COLLECTED DATA:
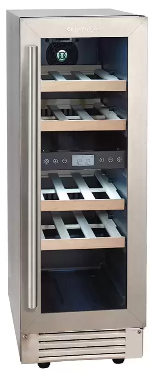 Винный шкаф CellarPrivate CP017-2T — компактная и стильная встраиваемая модель, созданная для монтажа под столешницу или для установки отдельно. Его строгий металлический корпус гармонично впишется в любую кухонную или барную зону. Стеклопакет с тонировкой защищает бутылки от ультрафиолета, а накладная ручка и возможность перенавешивания двери обеспечивают удобство размещения в любом интерьере. Габариты 82×29.5×57.5 см и ниша для встраивания 82.5×30.5×61 см делают устройство подходящим для компактных пространств.
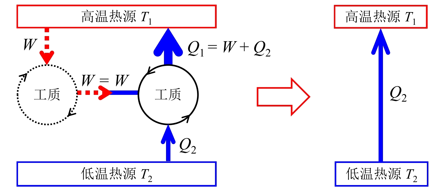 - 若Clausius表述不正确, 则Kelvin表述也不正确: 可以把某一热机向低温热源放的热全部释放到高温热源, 那么就相当于实现了一个只需要一个热源的热机
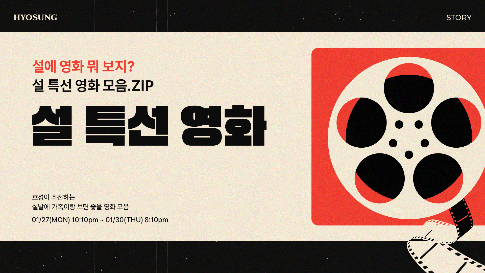 🎬 이번 설엔 가족, 친구와 함께 따뜻한 영화 한 편으로 특별한 시간을 만들어보세요! 효성이 제작 지원한 배리어프리영화와 설 특선 영화로 더욱 풍성하고 감동적인 연휴가 되길 바랍니다.

WHAT YOU SHOULD DO: You are asked to reproduce each line above exactly, but to exclude the pictures.

REPLY:
 Винный шкаф CellarPrivate CP017-2T — компактная и стильная встраиваемая модель, созданная для монтажа под столешницу или для установки отдельно. Его строгий металлический корпус гармонично впишется в любую кухонную или барную зону. Стеклопакет с тонировкой защищает бутылки от ультрафиолета, а накладная ручка и возможность перенавешивания двери обеспечивают удобство размещения в любом интерьере. Габариты 82×29.5×57.5 см и ниша для встраивания 82.5×30.5×61 см делают устройство подходящим для компактных пространств.
 - 若Clausius表述不正确, 则Kelvin表述也不正确: 可以把某一热机向低温热源放的热全部释放到高温热源, 那么就相当于实现了一个只需要一个热源的热机
 🎬 이번 설엔 가족, 친구와 함께 따뜻한 영화 한 편으로 특별한 시간을 만들어보세요! 효성이 제작 지원한 배리어프리영화와 설 특선 영화로 더욱 풍성하고 감동적인 연휴가 되길 바랍니다.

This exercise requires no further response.